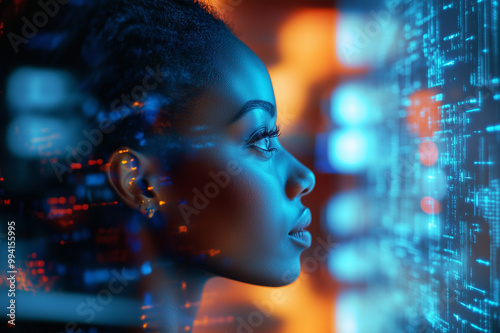 .AI cyber security threat, female african american IT specialist analysing futuristic holographic data information. blue & orange colour,
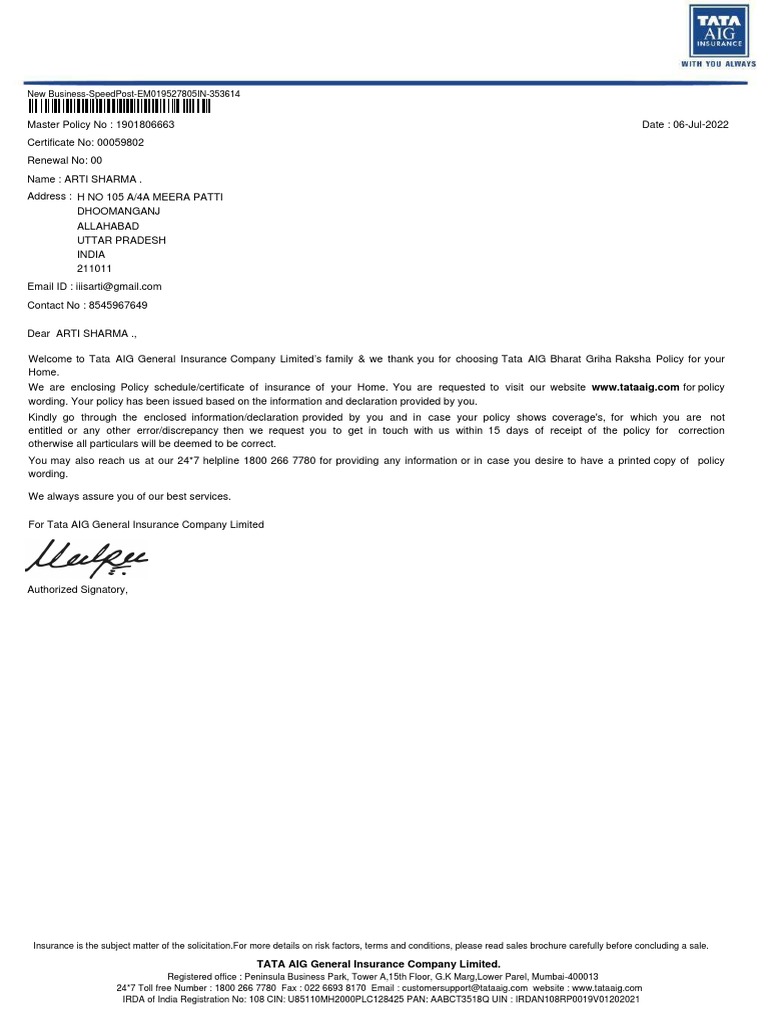 Welcome to Tata AIG General Insurance Company Limited’s family & we thank you for choosing Tata AIG Bharat Griha Raksha Policy for your
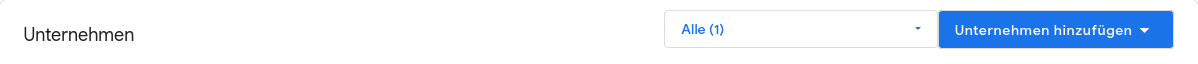 Klicken Sie im Dashboard auf den blauen Button „Unternehmen hinzufügen“ und wählen Sie „Einzelnes Unternehmen hinzufügen“.
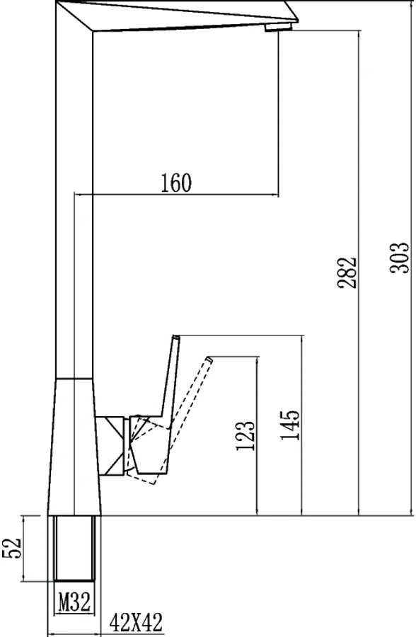 - Высота излива (расстояние от основания до крана): 28.2 см
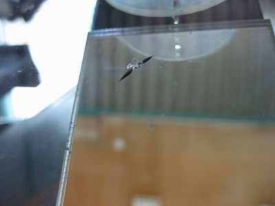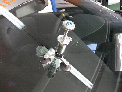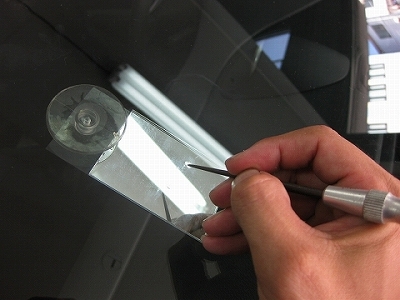 | キズがよくわかるようにフロントガラスの裏側に鏡を取り付けます。これできっちりキズを確認することができます。 | キズが繋がっていない場合などは、強制的にキズに割りをいれたりキズ口を押してキズの状況を見極めてリペアしていきます。 | |
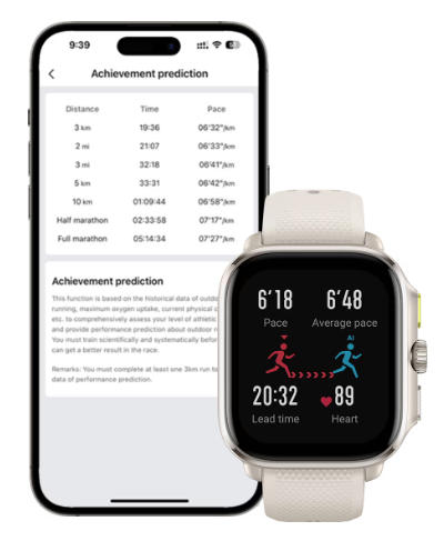 Szeretnéd kipróbálni magad? Állíts be egy AI tempócélt a Virtual Pacer-ben, és nézd meg, hogyan teljesítesz. Ha már van néhány futásod, és szeretnéd látni, hogyan teljesítenél egy valódi versenyen, nézd meg a Zepp alkalmazásban a Race Achievement Predictions (Versenyteljesítmény-előrejelzések) című programot.
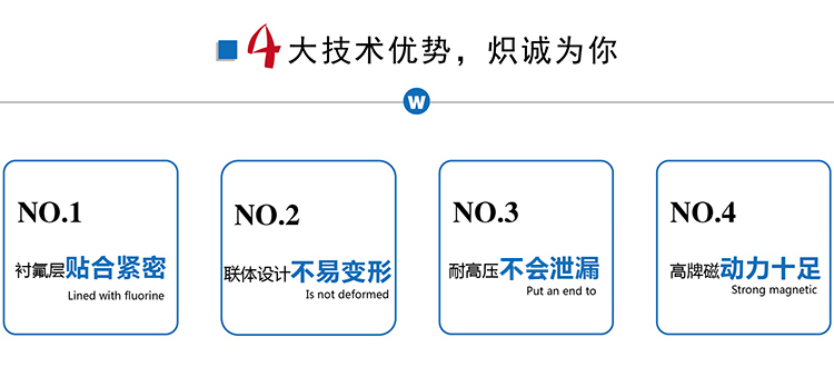 ZMD襯氟自吸磁力泵是我公司新一代耐腐蝕自吸磁力泵,它不但集氟塑料磁力泵的優(yōu)點(diǎn)于一身,而且具有自吸功能、無泄漏,這是以往的所有氟塑料磁力泵不能達(dá)到的,因此,該系列泵一推出就受到了廣大用戶的歡迎。該系列泵可廣泛適用于化工、有色金屬冶煉、農(nóng)藥、制酸制堿、造紙、酸洗工藝、稀土分離、電鍍、電子、化成箔、卸酸堿等行業(yè)或工作流程,是目前磁力泵品種中結(jié)構(gòu)新穎的產(chǎn)品之一,且高效節(jié)能、安全實(shí)用。
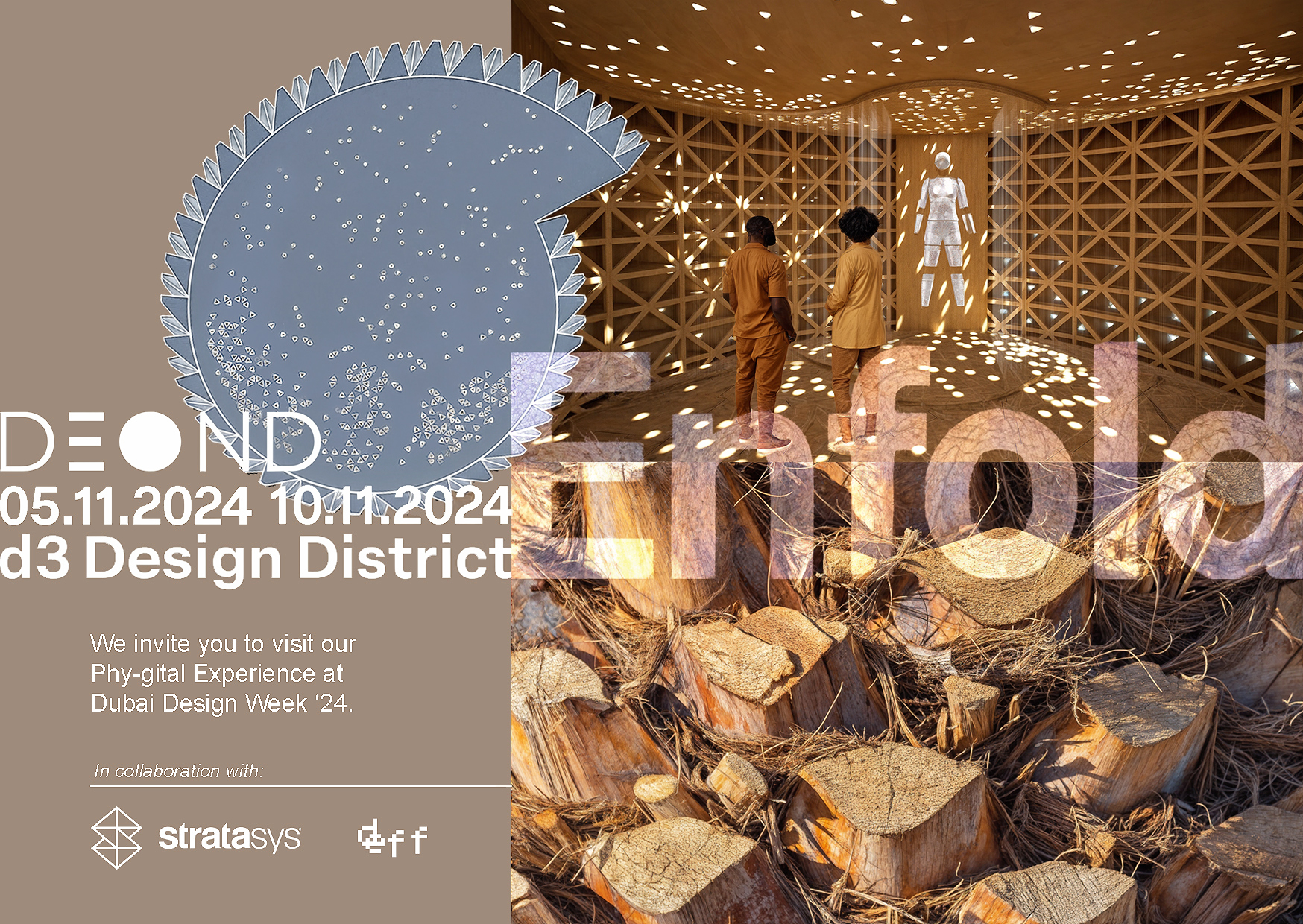 DEOND SAVE THE DATE invite-horizontal 이번 프로젝트는 기술이 인간의 신체 회복 능력에 도움을 주도록 설계된 엔폴드(Enfold)’ 파빌리온으로, 인간과 기술의 온전한 결합이라고 말할 수 있다. 특히 이번 두바이 디자인 전시에 공개될 두 개의 작품은, 지속가능한 재료를 통해 인간의 몸과 마음, 기술을 모두 포용한 설치물과 피부를 통해 인간의 마음과 감정을 조절하는 바디수트다. 이는 모두 피지탈 치료 개념으로 탄생된 결과물이며, 신체와 기술을 통합하는 전체론적 포용을 상징한다. 이러한 시스템이 개발된다면, 앞으로 기술을 통한 인간의 전인치료가 가능해질 것으로 기대된다.
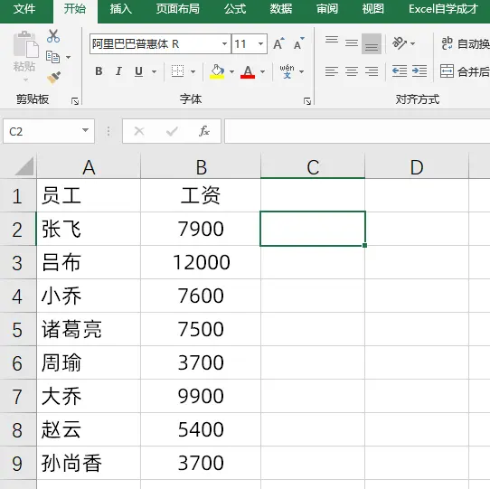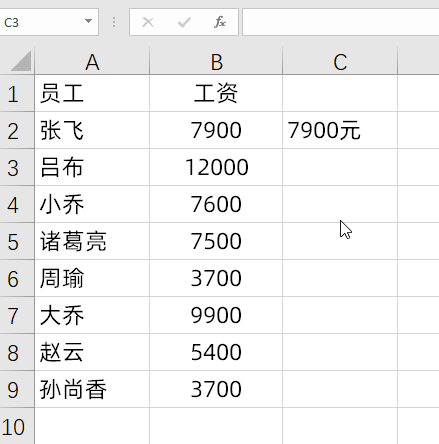 同样的,我们只需要在C2单元格中输入我们想要得到的结果,如7900元,然后C3单元格按CTRL+E就得到了所有的结果。
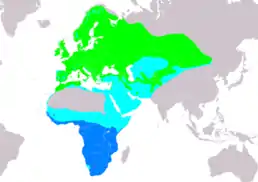 ![]() Ареал поширення M. striata Гніздування Шляхи міграції Зимування | ||||||||||||||||||||
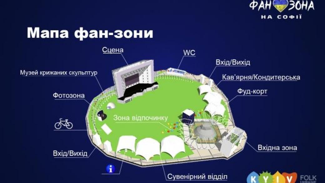 Также, сообщается, что фан-зона будет вмещать сцену с большим экраном, по сторонам от которой установят флаги всех стран-участниц Евровидения.
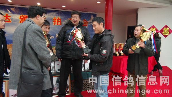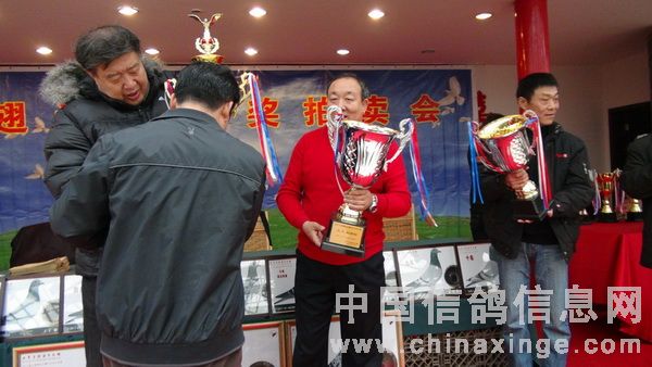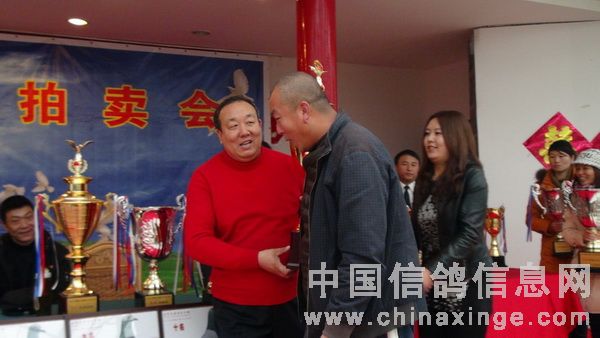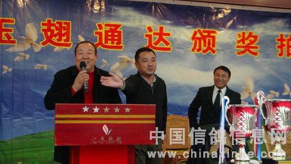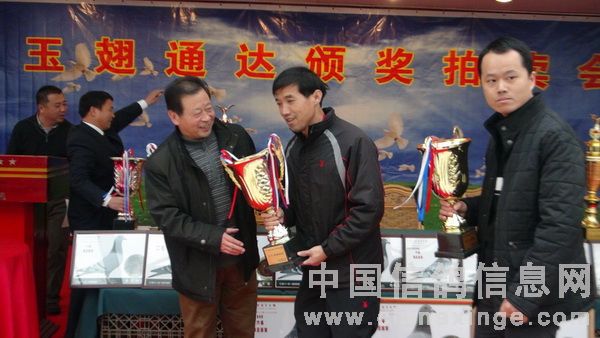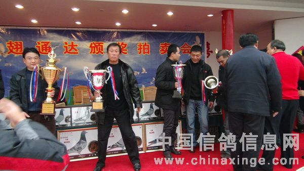 颁奖会由著名拍卖师冯建华主持,北京市鸽协领导参加颁奖大会,北京市裁判长宣读了获奖名单,著名拍卖师李武主持拍卖会。拍卖由400名开始,起拍价1000元。拍卖至300名时,即十二点多,午餐开始,原本一桌十人就餐,由于来者超过预定人数,改为一桌十二人就餐,可见鸽友对玉翅通达公棚的期望值是何等的高。
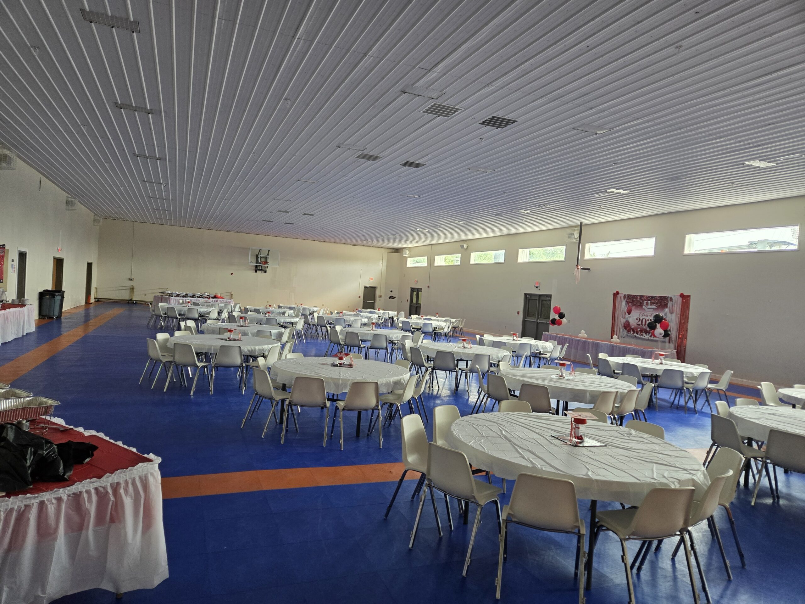 An-Noor Community Center’s gym turns into a banquet hall that could host up to 400 people. Round tables with chairs and other necessary supplies are provided.
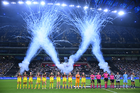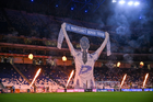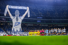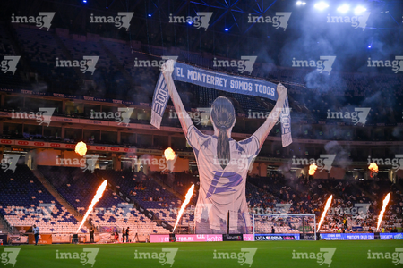 Guadalupe, Nuevo León, 6 de noviembre de 2025. Tifo y Protocolo, durante el partido correspondiente a la ida de los Cuartos de Final del torneo Apertura 2025 de la Liga BBVA MX Femenil, entre las Rayadas del Monterrey y las Águilas del América, realizado en el estadio BBVA. Foto: Imago7/ Nora Guerrero
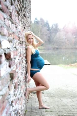 Das Umstandstankiniset AMANDA in einem edlen Smaragdgrün-blau kommt in den Größen S-XXL aus edler Mikroqualität besonders edel daher, ist ideal geschnitten & passend für Körbchengrößen B C bis D Soft-Cups und hat keine Bügel.
-------
▶ Assignment
Your task is to retype the lines running from the one that contains "同样的,我们只需要在C2单元" through the end of the records, and nothing else. Pictures are not part of the copy.

▶ Completed exercise
 同样的,我们只需要在C2单元格中输入我们想要得到的结果,如7900元,然后C3单元格按CTRL+E就得到了所有的结果。
 ![]() Ареал поширення M. striata Гніздування Шляхи міграції Зимування | ||||||||||||||||||||
 Также, сообщается, что фан-зона будет вмещать сцену с большим экраном, по сторонам от которой установят флаги всех стран-участниц Евровидения.
 颁奖会由著名拍卖师冯建华主持,北京市鸽协领导参加颁奖大会,北京市裁判长宣读了获奖名单,著名拍卖师李武主持拍卖会。拍卖由400名开始,起拍价1000元。拍卖至300名时,即十二点多,午餐开始,原本一桌十人就餐,由于来者超过预定人数,改为一桌十二人就餐,可见鸽友对玉翅通达公棚的期望值是何等的高。
 An-Noor Community Center’s gym turns into a banquet hall that could host up to 400 people. Round tables with chairs and other necessary supplies are provided.
 Guadalupe, Nuevo León, 6 de noviembre de 2025. Tifo y Protocolo, durante el partido correspondiente a la ida de los Cuartos de Final del torneo Apertura 2025 de la Liga BBVA MX Femenil, entre las Rayadas del Monterrey y las Águilas del América, realizado en el estadio BBVA. Foto: Imago7/ Nora Guerrero
 Das Umstandstankiniset AMANDA in einem edlen Smaragdgrün-blau kommt in den Größen S-XXL aus edler Mikroqualität besonders edel daher, ist ideal geschnitten & passend für Körbchengrößen B C bis D Soft-Cups und hat keine Bügel.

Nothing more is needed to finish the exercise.